(Records from a data collection)

————

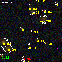 Black segments are analyzed here. Roll mouse over color images to view segments. Best viewed in a wide browser window (1200 pixels or more). Download SED & P(z) plots to view larger versions.
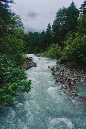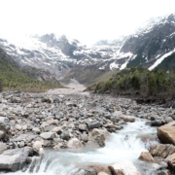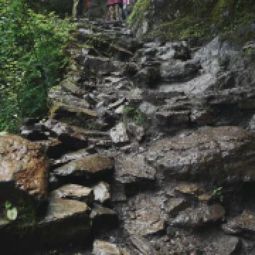 从雨崩村去神瀑来回大约4-5小时,这是三条线路中难度较小的路,除了后面有几个较陡的坡,前面几部以平路为主,是条初级徒步路线。体力较差的人至少要来一下神瀑,不然就真的白来雨崩村了。神瀑的水量不大,下面是一片石滩,可以走到瀑布底下,按照藏族的传统顺时针绕瀑布走三圈祈福。这里常会遇到转山至此的藏人,也许神瀑的风景比不上冰湖,但信仰赋予了神瀑意义,即使你没有信仰,也会感到肃然起敬。
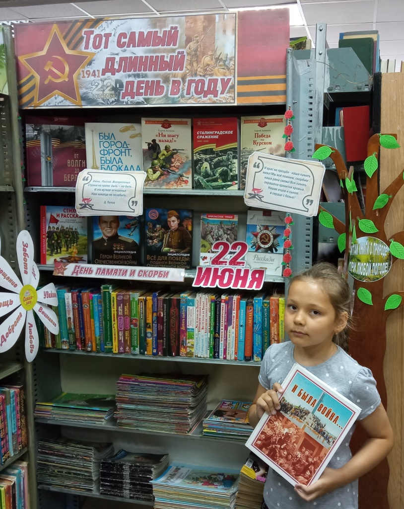 Накануне этой даты библиотекари Духовницкой детской библиотеки оформили тематическую выставку «Тот самый длинный день в году». На выставке представлены книги о крупнейших битвах Великой Отечественной войны, энциклопедии «Герои Великой Отечественной войны», «Всё для Победы: подвиги Великой Отечественной войны» и другие художественные книги о войне.
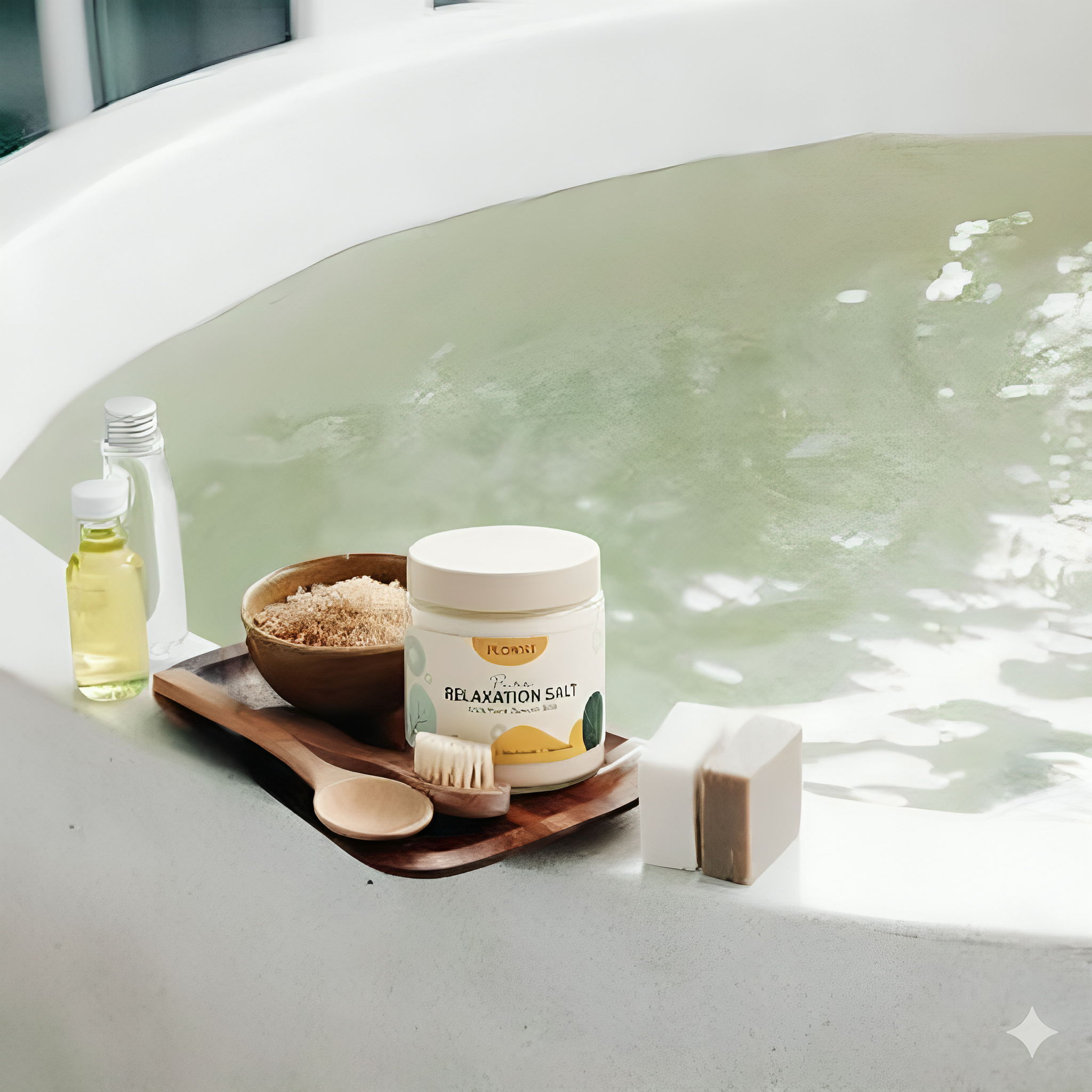 Pre-sleep bath ritual. The warm-to-cool transition releases sleep hormones, while magnesium activates calming neurotransmitters.
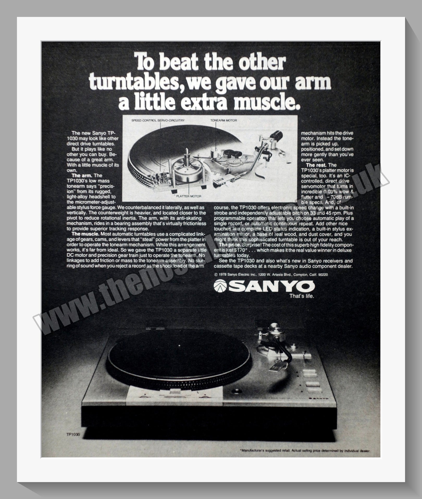 Sanyo TP-1030 Turntable. Vintage Advert. This is a large classic Original advert 1978. Presented and Supplied in a cream bevel cut mount with backing card and clear bag. Ready to fit in 18 x 14 inch frame. The mounted advert will be posted via courier and well packed - protected with a sheet of hardboard to keep it rigid. Any questions or inquiries, please get in touch, we are here to help! All our adverts, unless clearly stated are Originals from the date shown. They make excellent pieces of wall art and stunning gifts. Many are rare and hard to find and once sold, may not be replaced. Remember you are buying a piece of history. Website watermark is not on original .
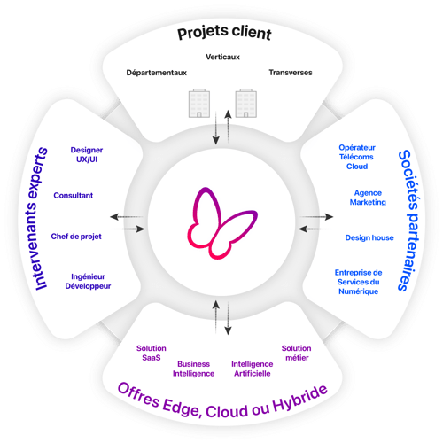 Réussissez votre projet digital avec un panel unique de services, de talents et d’expertises réunis en un écosystème. Nos intervenants vous accompagnent sur vos projets web, d’intelligence artificielle, de marketing digital, vos solutions cloud et télécoms.
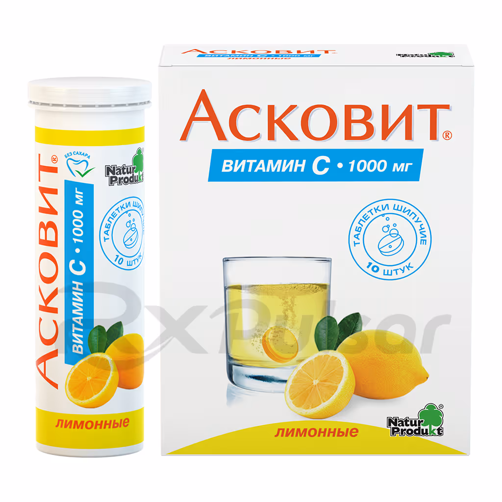 Askovit effervescent tablets are a dietary supplement providing a high dose of Vitamin C (ascorbic acid). Each tablet delivers 1000mg of this essential nutrient, contributing to the body’s overall health and well-being. Ascorbic acid plays a crucial role in various physiological processes, including immune function, collagen synthesis, and antioxidant defense.
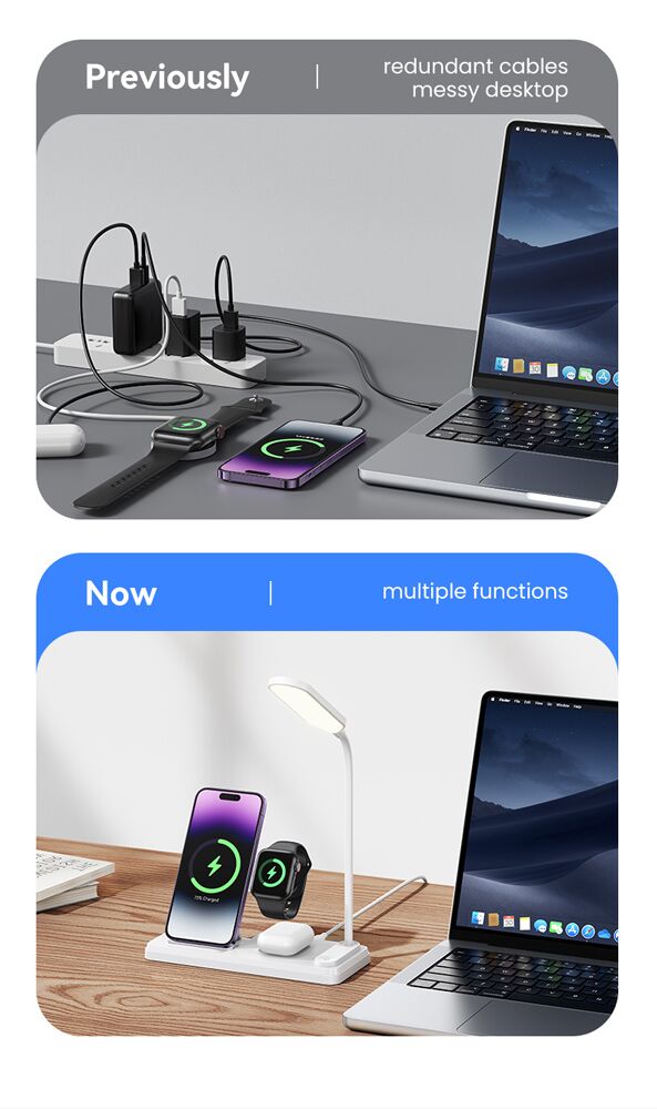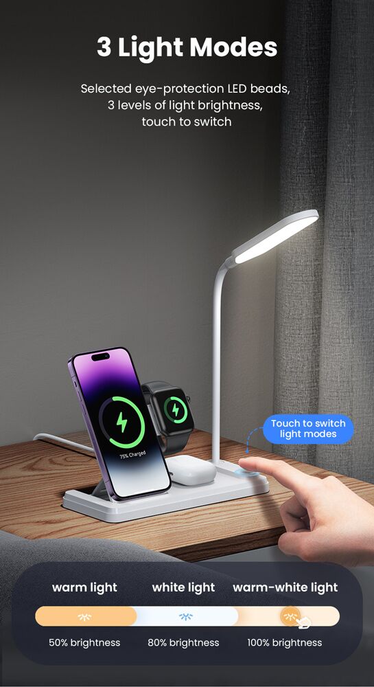 USAMS ασύρματος φορτιστής US-CD195 με φωτιστικό, 4 σε 1, 15W, λευκός
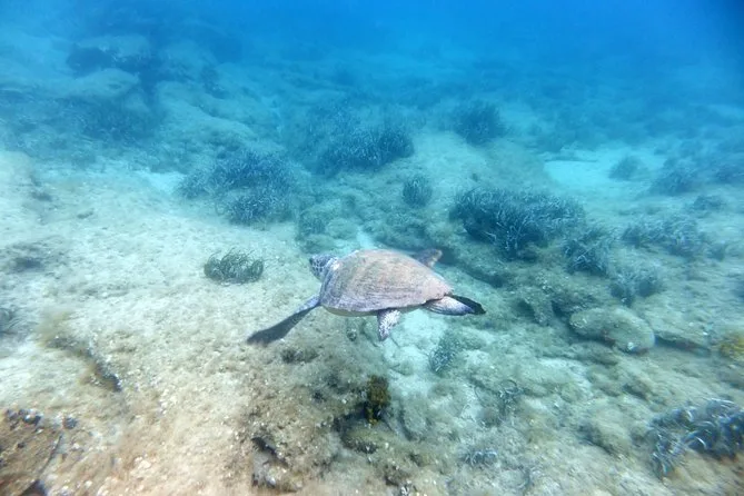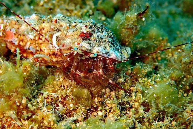 Walking into the water from shore is gentler than I expected. The sea was cool but not shocking, and there’s this muffled hush as soon as you go under—suddenly it’s just your own breathing and little flashes of silver fish darting past. We only went about six meters deep, but it felt like another world already. At one point Yiannis pointed out a tiny octopus hiding in some rocks; I tried to wave at it (not sure why) and nearly lost my mouthpiece laughing underwater. That moment sticks with me—how small things look different when you’re floating above them instead of standing on sand.
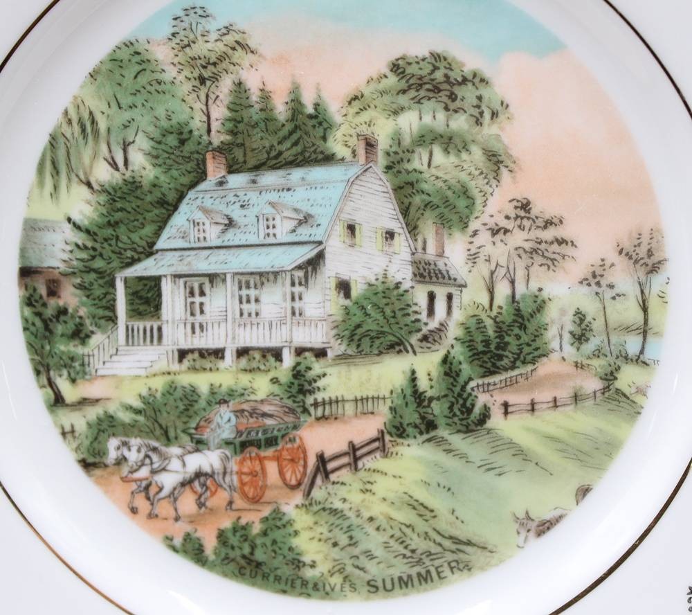 3x Jahreszeitenteller mit Motiven von Currier & Ives, Autum, Spring, Summer, je D-20,5cm [1]

————

### [Work request]
All the records above need to be given again word for word. Skip the pictures.

### [Written response]
 Black segments are analyzed here. Roll mouse over color images to view segments. Best viewed in a wide browser window (1200 pixels or more). Download SED & P(z) plots to view larger versions.
 从雨崩村去神瀑来回大约4-5小时,这是三条线路中难度较小的路,除了后面有几个较陡的坡,前面几部以平路为主,是条初级徒步路线。体力较差的人至少要来一下神瀑,不然就真的白来雨崩村了。神瀑的水量不大,下面是一片石滩,可以走到瀑布底下,按照藏族的传统顺时针绕瀑布走三圈祈福。这里常会遇到转山至此的藏人,也许神瀑的风景比不上冰湖,但信仰赋予了神瀑意义,即使你没有信仰,也会感到肃然起敬。
 Накануне этой даты библиотекари Духовницкой детской библиотеки оформили тематическую выставку «Тот самый длинный день в году». На выставке представлены книги о крупнейших битвах Великой Отечественной войны, энциклопедии «Герои Великой Отечественной войны», «Всё для Победы: подвиги Великой Отечественной войны» и другие художественные книги о войне.
 Pre-sleep bath ritual. The warm-to-cool transition releases sleep hormones, while magnesium activates calming neurotransmitters.
 Sanyo TP-1030 Turntable. Vintage Advert. This is a large classic Original advert 1978. Presented and Supplied in a cream bevel cut mount with backing card and clear bag. Ready to fit in 18 x 14 inch frame. The mounted advert will be posted via courier and well packed - protected with a sheet of hardboard to keep it rigid. Any questions or inquiries, please get in touch, we are here to help! All our adverts, unless clearly stated are Originals from the date shown. They make excellent pieces of wall art and stunning gifts. Many are rare and hard to find and once sold, may not be replaced. Remember you are buying a piece of history. Website watermark is not on original .
 Réussissez votre projet digital avec un panel unique de services, de talents et d’expertises réunis en un écosystème. Nos intervenants vous accompagnent sur vos projets web, d’intelligence artificielle, de marketing digital, vos solutions cloud et télécoms.
 Askovit effervescent tablets are a dietary supplement providing a high dose of Vitamin C (ascorbic acid). Each tablet delivers 1000mg of this essential nutrient, contributing to the body’s overall health and well-being. Ascorbic acid plays a crucial role in various physiological processes, including immune function, collagen synthesis, and antioxidant defense.
 USAMS ασύρματος φορτιστής US-CD195 με φωτιστικό, 4 σε 1, 15W, λευκός
 Walking into the water from shore is gentler than I expected. The sea was cool but not shocking, and there’s this muffled hush as soon as you go under—suddenly it’s just your own breathing and little flashes of silver fish darting past. We only went about six meters deep, but it felt like another world already. At one point Yiannis pointed out a tiny octopus hiding in some rocks; I tried to wave at it (not sure why) and nearly lost my mouthpiece laughing underwater. That moment sticks with me—how small things look different when you’re floating above them instead of standing on sand.
 3x Jahreszeitenteller mit Motiven von Currier & Ives, Autum, Spring, Summer, je D-20,5cm [1]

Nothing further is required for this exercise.